Pediatricians are often called on to make referrals, sign prescriptions, and write letters of medical necessity to help obtain funding both for the devices and the assessments. A letter of medical necessity should be written only after conferring with members of the team who have evaluated the child (especially the speech-language pathologist). This letter should state that the physician received the evaluation reports, reviewed the recommendations, and concurs that the recommended devices are medically necessary for treatment of the child's communication impairment caused by the specific diagnosis. For some agencies, information about the child's current status and expected outcome after using the device must also be included (but this information is often part of the report from the speech-language pathologist). The funding agency needs more than just a report of the physical examination or diagnoses. Government agencies, private insurance companies, and charitable organizations all have limited funds, and requests that include the most complete and clear information are the most likely to be funded. Medicaid payers in many states and some insurance companies have set up specific requirements for a detailed evaluation report by a licensed speech-language therapist to accompany the prescription or medical-necessity letter that is signed by the physician.

Funding Overview

Obtaining funding requires perseverance. Sometimes, a request for an AAC device is denied because the funding agency has never had any experience with such a device. However, denials of funding by most agencies are subject to appeal. The appeal process in these situations should not be taken lightly. The denial letter may include reference to the specific statements made in the insurance policy. This can often be the starting point of an appeal letter by the family. Often, the speech-language pathologist, pediatrician, or other advocate can offer a supportive letter for this appeal. An appeal is most likely to be successful if it can be shown that a child can benefit significantly from using the particular device. Failure of an appeal can sometimes make funding for a particular device (or even any device) unlikely, if not impossible, for other children with similar disabilities. Therefore, a successful appeal can be used as an important precedent for future requests. AAC devices and their related professional services are relatively new and specialized, and they sometimes are not included on lists of approved products eligible for funding. Funding agencies may benefit from instruction about the potential of these devices to improve functioning and independence for children who have disabilities. Many companies that make AAC devices also have their own funding specialists on staff who can be helpful in dealing with insurance companies or other agencies.

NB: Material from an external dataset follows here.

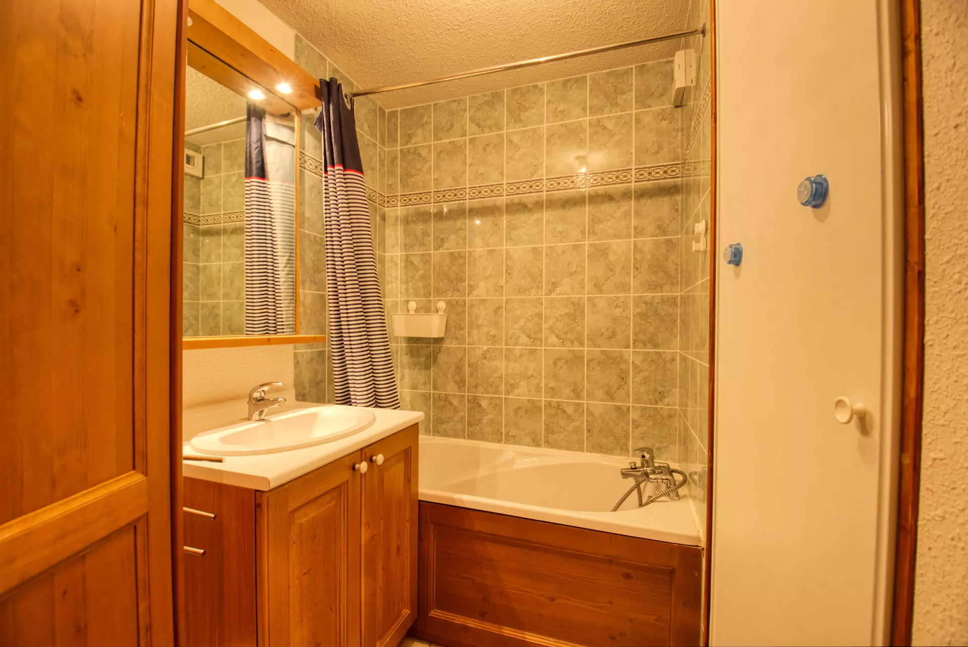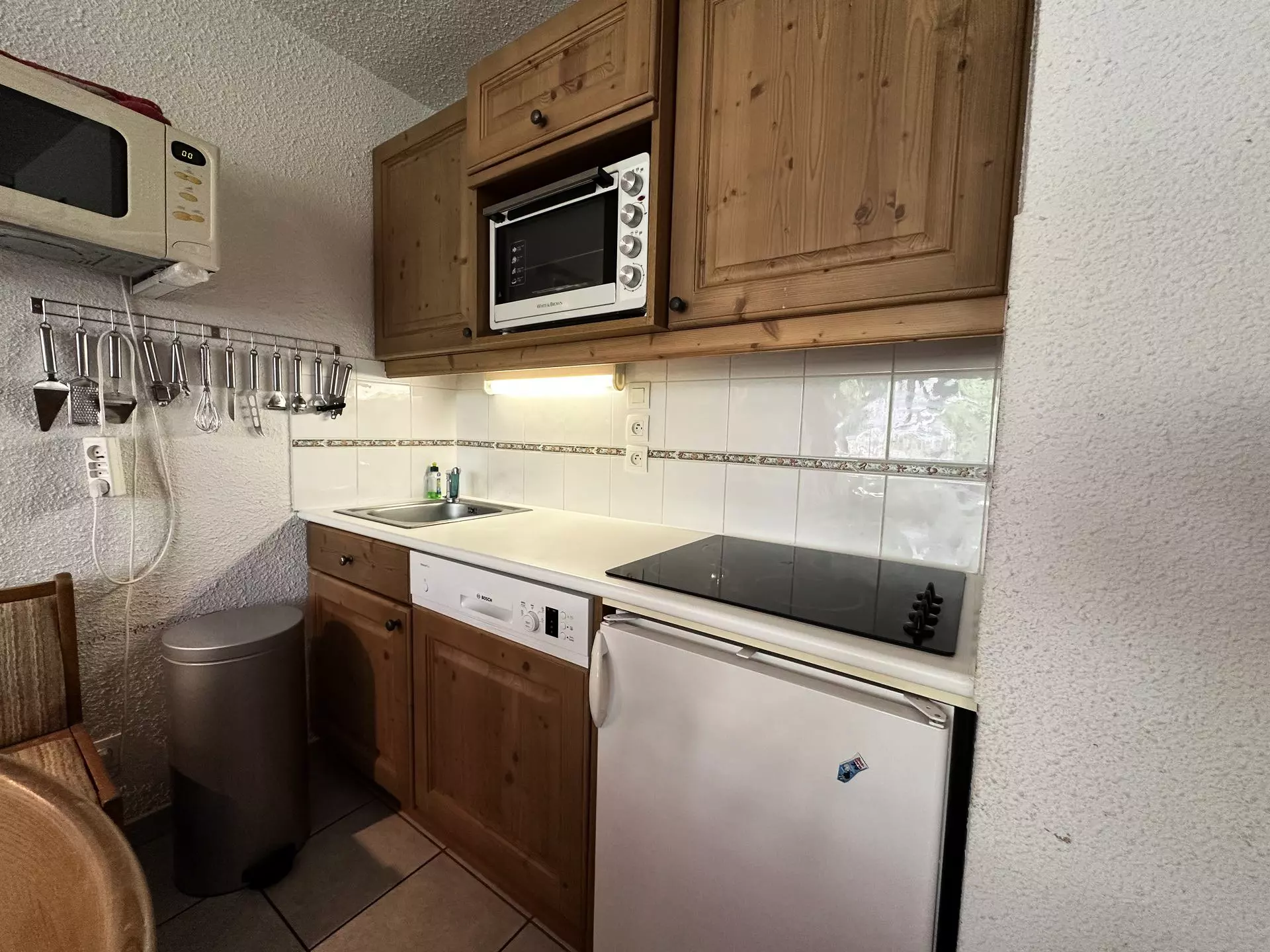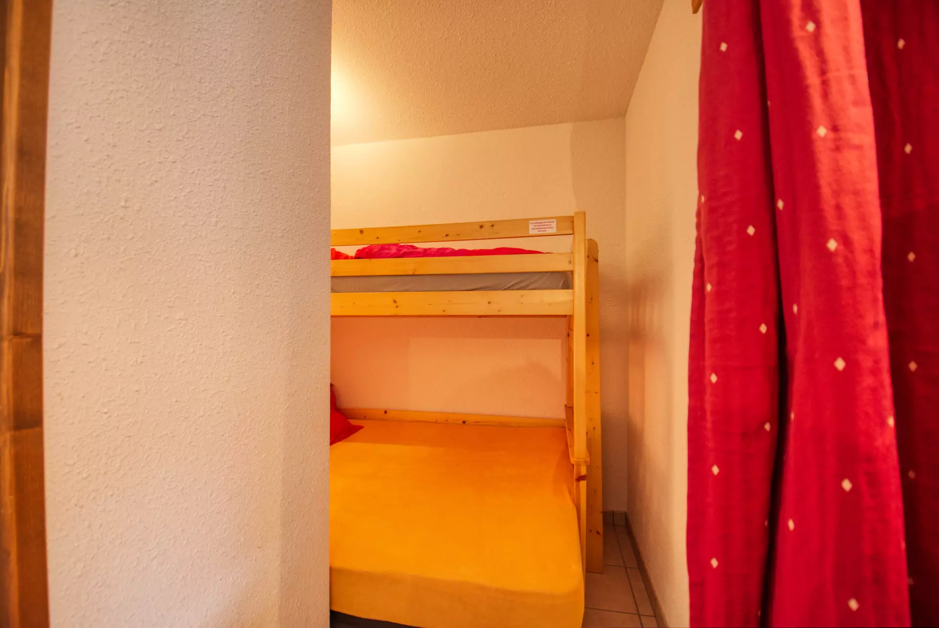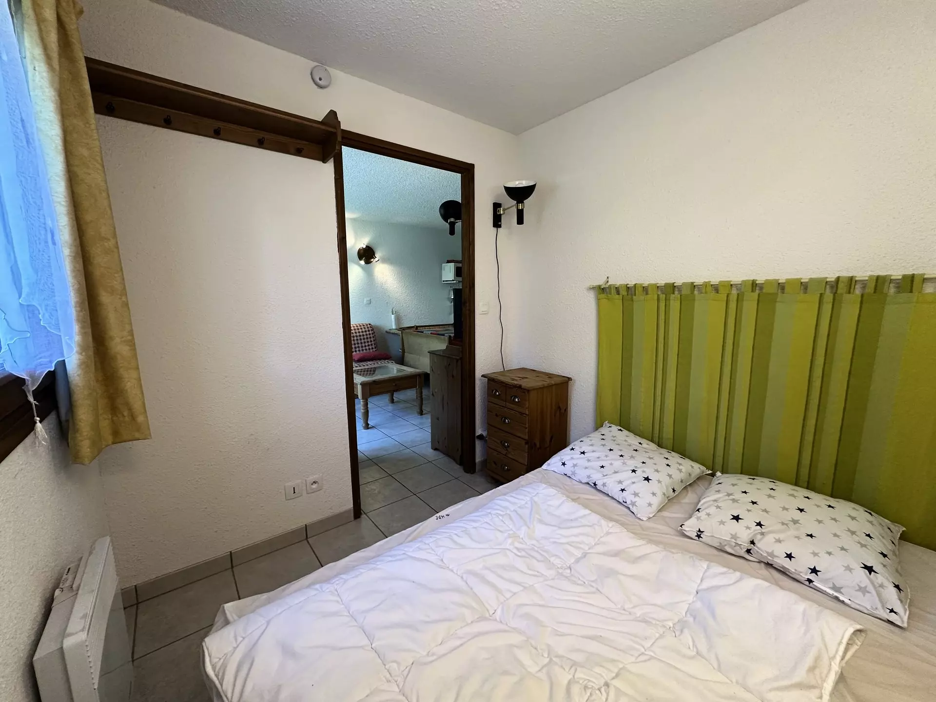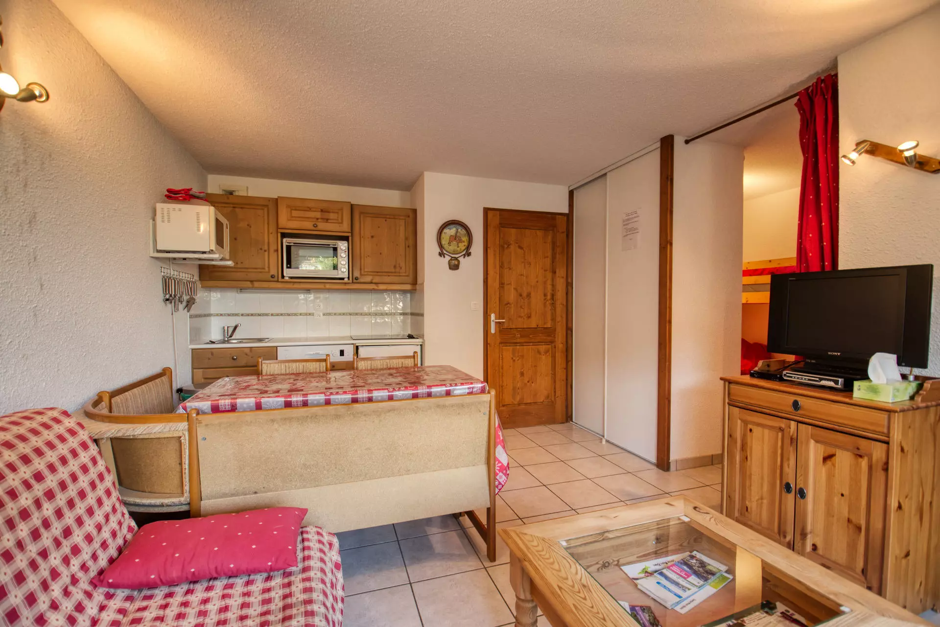 The apartment includes an entrance hall with closet, a bedroom, a sleeping alcove. You will also find a living room with a convertible sofa bed (130x190) and a television, as well as a fully equipped kitchen area. The bathroom has a bathtub and toilet.

Because funding for the purchase of devices and funding for training and monitoring in the use of AAC devices are difficult to obtain, the multidisciplinary team may need to develop insightful strategies to obtain funding for even the simplest low-tech devices. Literature is becoming available that focuses on the specifics of funding for devices and their long-term cost-effectiveness.4345

Unfortunately, there is no final answer to the conundrum of who should pay, and funding often requires a good deal of patience and creativity. In some cases, the final possible source of funding, when other options have been exhausted, may be local philanthropic organizations (eg, United Cerebral Palsy, Easter Seals, various social organizations). It is possible that additional improvements in regulations or expansions of state Medicaid-based programs (such as enforcing EPSDT rules) will also lead to more availability of AAC devices for children who need them. In addition, particularly if grass-roots efforts succeed, Medicaid rules may also be expanded to more closely parallel the rules now being implemented within Medicare (because of the recent regulations made in Medicare mentioned previously). However, this might lead, once again, to the apparently common situation in which Medicaid rules may sometimes be more permissive in funding AAC and other devices for children and youth with special health care needs than are insurance programs, which sometimes contractually consider them “noncovered” benefits (eg, for children who have autism spectrum disorders).40

Advocacy Information

Technology advances quickly, and it is rare that a pediatrician can stay current with all new developments. Pediatricians, however, should serve as informed advocates. Families of children with disabilities may have very high expectations about AAC and other assistive technology. They may try to find answers to their concerns and questions with or without support from health care professionals. Pediatricians often have a critical role in this process, because caregivers, patients, or allied health professionals may request their opinion or prescriptions for some of these devices. To be able to provide realistic and appropriate answers, pediatricians should keep generally informed about what is being developed and marketed and, more importantly, what local resources are available to provide more information and access to a proper assessment.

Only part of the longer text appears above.